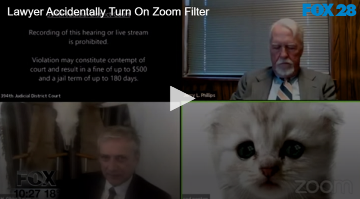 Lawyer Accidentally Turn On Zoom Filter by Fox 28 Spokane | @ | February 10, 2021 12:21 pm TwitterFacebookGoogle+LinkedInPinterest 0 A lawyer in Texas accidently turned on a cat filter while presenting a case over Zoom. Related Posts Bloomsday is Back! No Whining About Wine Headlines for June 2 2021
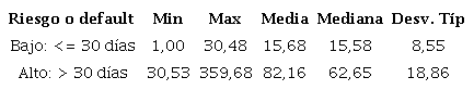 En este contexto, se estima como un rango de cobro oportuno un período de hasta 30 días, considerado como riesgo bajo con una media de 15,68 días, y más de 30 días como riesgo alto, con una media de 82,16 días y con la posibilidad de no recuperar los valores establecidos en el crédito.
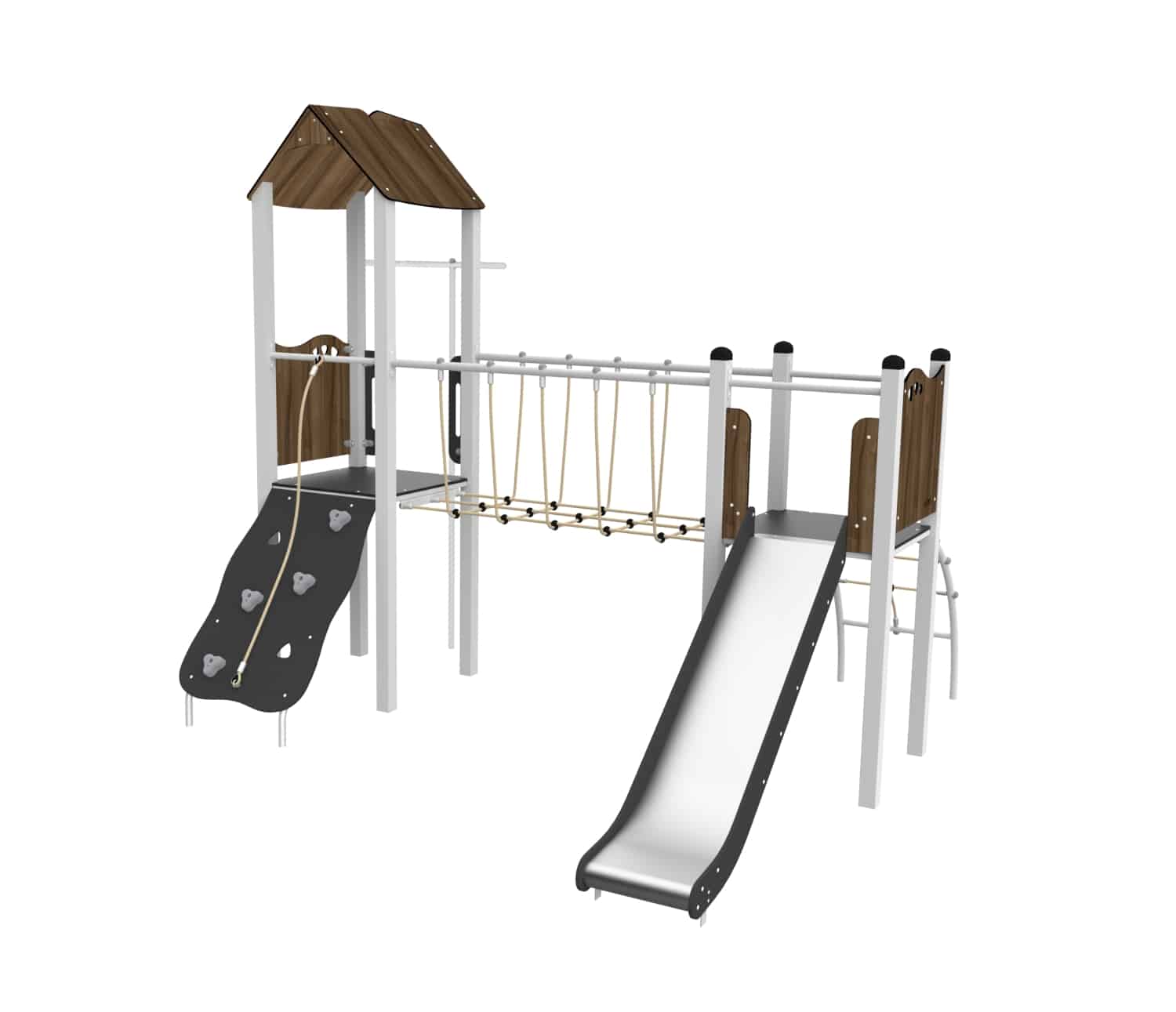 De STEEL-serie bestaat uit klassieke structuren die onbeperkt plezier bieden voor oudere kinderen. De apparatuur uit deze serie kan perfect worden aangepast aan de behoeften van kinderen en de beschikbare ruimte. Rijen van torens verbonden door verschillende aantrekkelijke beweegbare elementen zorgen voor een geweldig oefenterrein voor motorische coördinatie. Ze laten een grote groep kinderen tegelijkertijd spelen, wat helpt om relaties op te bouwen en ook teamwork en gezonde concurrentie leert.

* * * * * * *

The answer must be the full listing, word for word, with no images in it.

**Problem solution:**
 Lawyer Accidentally Turn On Zoom Filter by Fox 28 Spokane | @ | February 10, 2021 12:21 pm TwitterFacebookGoogle+LinkedInPinterest 0 A lawyer in Texas accidently turned on a cat filter while presenting a case over Zoom. Related Posts Bloomsday is Back! No Whining About Wine Headlines for June 2 2021
 En este contexto, se estima como un rango de cobro oportuno un período de hasta 30 días, considerado como riesgo bajo con una media de 15,68 días, y más de 30 días como riesgo alto, con una media de 82,16 días y con la posibilidad de no recuperar los valores establecidos en el crédito.
 De STEEL-serie bestaat uit klassieke structuren die onbeperkt plezier bieden voor oudere kinderen. De apparatuur uit deze serie kan perfect worden aangepast aan de behoeften van kinderen en de beschikbare ruimte. Rijen van torens verbonden door verschillende aantrekkelijke beweegbare elementen zorgen voor een geweldig oefenterrein voor motorische coördinatie. Ze laten een grote groep kinderen tegelijkertijd spelen, wat helpt om relaties op te bouwen en ook teamwork en gezonde concurrentie leert.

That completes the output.